# REQ: Hive construction plans/dimensions



## xC0000005 (Nov 17, 2004)

I got to see a hive for apis ceranae up close - looked like a bird house to me. They are also kept in hollowed logs (verticle) with what amounts to top bars. All frames are foundationless (no suprise) Brood frames are commonly wired to support cutting out the honey arches.


----------



## marcros (Jan 8, 2009)

*hives*

Some project!

To complete the project, perhaps a log hive and a swiss/german beehouse?
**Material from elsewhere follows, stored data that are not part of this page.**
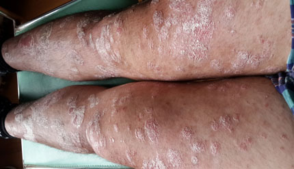 不明原因的患者来到附近的小诊所,可谁想结果竟然不是普通的皮肤病,竟然是牛皮癣。这一下吓傻了,怎么会突然就患上牛皮癣了,思来想去也不知道是什么原因。医生给开了好多药物,说回去试试,如果不行就再来。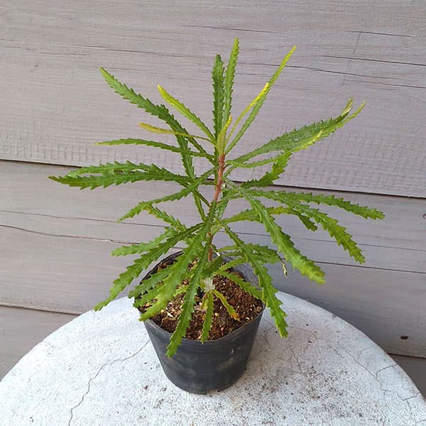 細い鋸葉で黄色の花を咲かせる常緑低木 オーストラリア花木花木 庭木の苗/バンクシア:スピヌローサ4号ポットバンクシア属は主にオーストラリアに分布する常緑中低木です。大きなコーンのような花の形に特徴があり、切花としても人気です。スピヌローサは、細長い鋸葉、花色は黄色。耐寒性は−5℃位です。タイプバンクシア属の半耐寒性常緑中低木耐寒性マイナス5度まで日照日向むき栽培方法:日当たりの良い場所で、排水の良い土を好みます。暑さには強いですが、夏場の高温多湿の環境には弱いので、蒸れには注意が必要です。夏場の雨の後に極端に晴れ、温度が上がった時のモワッとした環境では葉が萎れてしまうので、環境にはご注意ください。鉢植えの場合はストレスを避けるため、いきなり大きな鉢に植え替えるのは避け、6号か7号くらいのものに植え替えてください。耐寒性はやや弱いので庭植えは関東地方以南の太平洋側で。冬場は根元に腐葉土などでマルチングし、防寒してください。寒い地方では鉢植えにして冬季は室内にとりこんでください。肥料は控えめに与えます。4号(直径12cm)ポット入り、鉢下からの高さ約30cmでsy,」樹高は多少前後します。またお届け時期により葉がきれいでない状態の場合があります。写真はイメージです。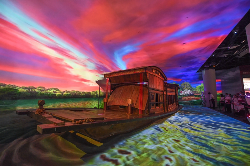 民族復(fù)興歷史任務(wù)是偉大建黨精神形成的時(shí)代背景。慶祝建黨百年之際,浙江嘉興的南湖革命紀(jì)念館迎來(lái)參觀熱潮,“紅船起航”主題展覽日均參觀人數(shù)超過10000人次。南湖革命紀(jì)念館基本陳列“紅船起航”主題展覽由“救亡圖存”、“開天辟地”、“光輝歷程”、“走向復(fù)興”4個(gè)部分組成,全面展現(xiàn)100年來(lái),中國(guó)共產(chǎn)黨團(tuán)結(jié)帶領(lǐng)中國(guó)人民取得革命、建設(shè)和改革偉大勝利的光輝歷史。圖為參觀者在南湖革命紀(jì)念館內(nèi)參觀紅船模型及多媒體場(chǎng)景重現(xiàn)。新華社記者 徐昱/攝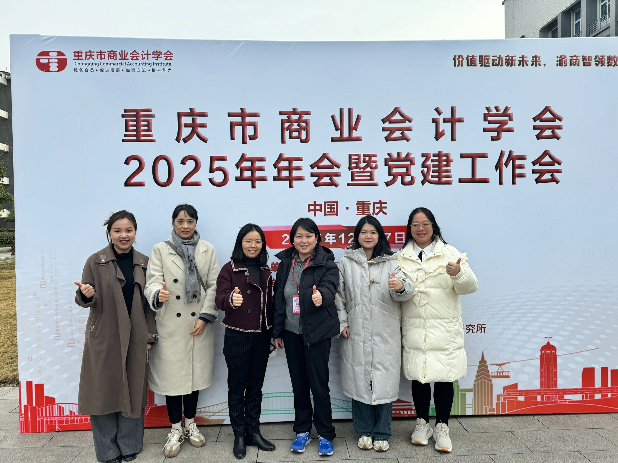 12月27日,重庆市商业会计学会2025年年会暨党建工作会在重庆商务职业学院顺利召开,西南财经大学天府学院会计学院院长陈真子、副院长许静、陈茜以及教师李爱勤、陈语宣、周巧、杜姗受邀参会。西南财经大学天府学院会计学院参会教师合影本次年会以“价值驱动新未来,渝商智领数智潮”为主题,由重庆市商业会计学会主办,重庆商务职业学院承办,汇聚了会...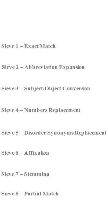 Our adopted approach is simple yet effective for disorder mention normalization. Each sieve in our normalization system corresponds to a unique syntactic string transformation heuristic responsible for converting a mention into one of its equivalent forms in order to match with its stored form in the ontology. A pictorial depiction of the working of our sieve-based system with only a subset of the sieves in our full system is provided below.

Smith is quite popular in Scotland and parts of England. plans are on downloads section of the Scottish Beekeepers Association website from memory.

regards
Mark


----------



## Stevedore (Jan 22, 2009)

Paraplegic Racehorse said:


> If anyone has plans for these others, I'd really appreciate it:
> 
> * anything else I might be forgetting, including those designed for the asiatic honeybee


Here's a link to plans for Phil Chandler's ("The Barefoot Beekeeper") version of the Kenya Top Bar Hive:

http://www.lulu.com/content/815182


----------



## thorbue (Dec 22, 2005)

This link will show you a Throug hive's 

in Nowegian size

http://www.biavl.dk/index.php?option=com_docman&task=doc_download&gid=56&Itemid=89

and this one in German standard

http://www.biavl.dk/index.php?option=com_docman&task=doc_download&gid=55&Itemid=89

The language is danish but the measurements is in metrics (mm) and should be almost understandable to an american.... 

and here's a Zander hive, even though I don't know if this is the original style.

http://www.magazinimker.de/kompatiblebeuten/kompatiblebeuten.html


----------



## Constance (Sep 11, 2008)

The Zander hives proposed by “AG Magazinimker” is actually NOT the one originally published by Zander. Zander has been at a scientific/educational bee research institute approx. 1930-1950 and has been the first proposing extensive migrations in central Europe. His hive was one of the first in Germany which was worked from top instead of from behind. However, he still used legs and roofs if hives were placed as singles (breeding hives). I’ll try to scan few pics from his old book next days.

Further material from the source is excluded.